I couldnt sleep last night try as I might. It may have had something to do with the coffee I had at 1030 or the nap I had in the afternoon, but I think it was mostly to do with my mind. I couldnt shut it down. I couldnt slow it down. It scared me. I kept thinking stoner thoughts like 'what is real' 'what is real outside of me' 'are people real' it was frightening. I had gotten stoend earlier too. and then I would think about my grandma who died, and what is death, how does someone just go away? I dont understand. It sucked so bad. I wanted to cry. And I wanted to be held. the end.
Aw. It's scary, but you know what? Our feelings have to run their course unhindered. Was your grandma's death what precipitated it you think?
no, i dont know. it was just me questioning reality. but it wouldnt leave me alone. and it still kinda wont. its scaring me. i just need to go out and do something.
It sounds like it might have been a panic attack, and you might not be confronting all the feelings you need to from your grandmother. I hope your feeling better today Caitlin. Take it easy on yourself. Love ya.
I can't sleep either. Mostly because of my increasingly undersized bladder. And I can't take sleeping pills because i'm afraid I won't hear if the kids wake up.
I hate to say this, but this forum sometimes fucks with my sense of reality. Work and relationships. That's reality. Everything else...is not.

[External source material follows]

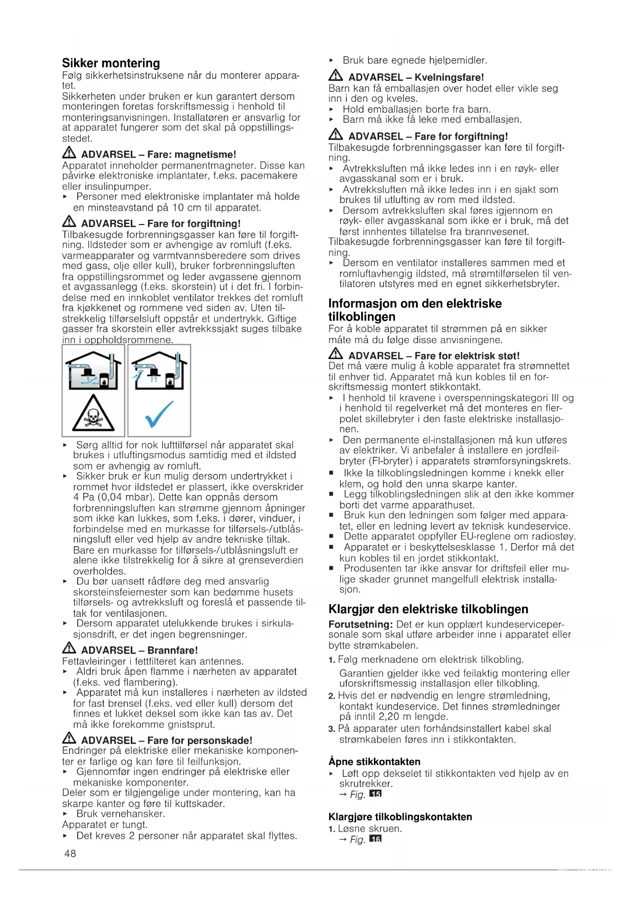 Generell informasjon ¡ Les nøye gjennom denne anvisningen. ¡ Apparatet skal kun installeres av autori- serte fagfolk. ¡ Slå alltid av strømtilførselen før det skal gjennomføres arbeider. ¡ Dette apparatet må aldri brukes i båter el- ler kjøretøy. ¡ Følg anbefalingene fra produsenten av benkeplaten.48 Sikker montering Følg sikkerhetsinstruksene når du monterer appara- tet. Sikkerheten under bruken er kun garantert dersom monteringen foretas forskriftsmessig i henhold til monteringsanvisningen. Installatøren er ansvarlig for at apparatet fungerer som det skal på oppstillings- stedet. ADVARSEL‒Fare: magnetisme! Apparatet inneholder permanentmagneter. Disse kan påvirke elektroniske implantater, f.eks. pacemakere eller insulinpumper. ▶ Personer med elektroniske implantater må holde en minsteavstand på 10cm til apparatet. ADVARSEL‒Fare for forgiftning! Tilbakesugde forbrenningsgasser kan føre til forgift- ning. Ildsteder som er avhengige av romluft (f.eks. varmeapparater og varmtvannsberedere som drives med gass, olje eller kull), bruker forbrenningsluften fra oppstillingsrommet og leder avgassene gjennom et avgassanlegg (f.eks. skorstein) ut i det fri. I forbin- delse med en innkoblet ventilator trekkes det romluft fra kjøkkenet og rommene ved siden av. Uten til- strekkelig tilførselsluft oppstår et undertrykk. Giftige gasser fra skorstein eller avtrekkssjakt suges tilbake inn i oppholdsrommene. ▶ Sørg alltid for nok lufttilførsel når apparatet skal brukes i utluftingsmodus samtidig med et ildsted som er avhengig av romluft. ▶ Sikker bruk er kun mulig dersom undertrykket i rommet hvor ildstedet er plassert, ikke overskrider 4Pa (0,04mbar). Dette kan oppnås dersom forbrenningsluften kan strømme gjennom åpninger som ikke kan lukkes, som f.eks. i dører, vinduer, i forbindelse med en murkasse for tilførsels-/utblås- ningsluft eller ved hjelp av andre tekniske tiltak. Bare en murkasse for tilførsels-/utblåsningsluft er alene ikke tilstrekkelig for å sikre at grenseverdien overholdes. ▶ Du bør uansett rådføre deg med ansvarlig skorsteinsfeiemester som kan bedømme husets tilførsels- og avtrekksluft og foreslå et passende til- tak for ventilasjonen. ▶ Dersom apparatet utelukkende brukes i sirkula- sjonsdrift, er det ingen begrensninger. ADVARSEL‒Brannfare! Fettavleiringer i fettfilteret kan antennes. ▶ Aldri bruk åpen flamme i nærheten av apparatet (f.eks. ved flambering). ▶ Apparatet må kun installeres i nærheten av ildsted for fast brensel (f.eks. ved eller kull) dersom det finnes et lukket deksel som ikke kan tas av. Det må ikke forekomme gnistsprut. ADVARSEL‒Fare for personskade! Endringer på elektriske eller mekaniske komponen- ter er farlige og kan føre til feilfunksjon. ▶ Gjennomfør ingen endringer på elektriske eller mekaniske komponenter. Deler som er tilgjengelige under montering, kan ha skarpe kanter og føre til kuttskader. ▶ Bruk vernehansker. Apparatet er tungt. ▶ Det kreves 2 personer når apparatet skal flyttes. ▶ Bruk bare egnede hjelpemidler. ADVARSEL‒Kvelningsfare! Barn kan få emballasjen over hodet eller vikle seg inn i den og kveles. ▶ Hold emballasjen borte fra barn. ▶ Barn må ikke få leke med emballasjen. ADVARSEL‒Fare for forgiftning! Tilbakesugde forbrenningsgasser kan føre til forgift- ning. ▶ Avtrekksluften må ikke ledes inn i en røyk- eller avgasskanal som er i bruk. ▶ Avtrekksluften må ikke ledes inn i en sjakt som brukes til utlufting av rom med ildsted. ▶ Dersom avtrekksluften skal føres igjennom en røyk- eller avgasskanal som ikke er i bruk, må det først innhentes tillatelse fra brannvesenet. Tilbakesugde forbrenningsgasser kan føre til forgift- ning. ▶ Dersom en ventilator installeres sammen med et romluftavhengig ildsted, må strømtilførselen til ven- tilatoren utstyres med en egnet sikkerhetsbryter. Informasjon om den elektriske tilkoblingen For å koble apparatet til strømmen på en sikker måte må du følge disse anvisningene. ADVARSEL‒Fare for elektrisk støt! Det må være mulig å koble apparatet fra strømnettet til enhver tid. Apparatet må kun kobles til en for- skriftsmessig montert stikkontakt. ▶ I henhold til kravene i overspenningskategori III og i henhold til regelverket må det monteres en fler- polet skillebryter i den faste elektriske installasjo- nen. ▶ Den permanente el-installasjonen må kun utføres av elektriker. Vi anbefaler å installere en jordfeil- bryter (FI-bryter) i apparatets strømforsyningskrets. ¡ Ikke la tilkoblingsledningen komme i knekk eller klem, og hold den unna skarpe kanter. ¡ Legg tilkoblingsledningen slik at den ikke kommer borti det varme apparathuset. ¡ Bruk kun den ledningen som følger med appara- tet, eller en ledning levert av teknisk kundeservice. ¡ Dette apparatet oppfyller EU-reglene om radiostøy. ¡ Apparatet er i beskyttelsesklasse 1. Derfor må det kun kobles til en jordet stikkontakt. ¡ Produsenten tar ikke ansvar for driftsfeil eller mu- lige skader grunnet mangelfull elektrisk installa- sjon. Klargjør den elektriske tilkoblingen Forutsetning:Det er kun opplært kundeserviceper- sonale som skal utføre arbeider inne i apparatet eller bytte strømkabelen.

Ha..."It might have had something to do with the nap plus the coffee at night plus the fact that I was baked..." Gee, y'think? I get insomnia ALL THE TIME. I don't sleep much. But usually I get up and watch TV (or hang out here, although usually no one's around so it's just lonely and lame). But sometimes nothing works, and I've totally had nights like that, where my brain just starts FUCKING with me. Sometimes it's that kind of existential stuff...sometimes it's the old "No one really likes you" thing. Last week around 3 am my brain started coming up with new torture traps like in the Saw movies and WOULD NOT STOP. It was actually pretty scary and terrible. I was miserable.
i'm sorry about your battle with insomnia. it definitely sucks. i've been having those types of nights since i've gotten back from spring break
Maybe if you didn't freak out each time a guy hit on you, you could solve that problem. Or try this novel approach: Sleep with a friend.
It's hilarious how little much you were knowing about that whom you were. About. Whereas. Ipso facto.
I had some trouble too. Slept from 6-10pm, started drinking then wasnt asleep again until 3-4. Just woke up like an hour ago.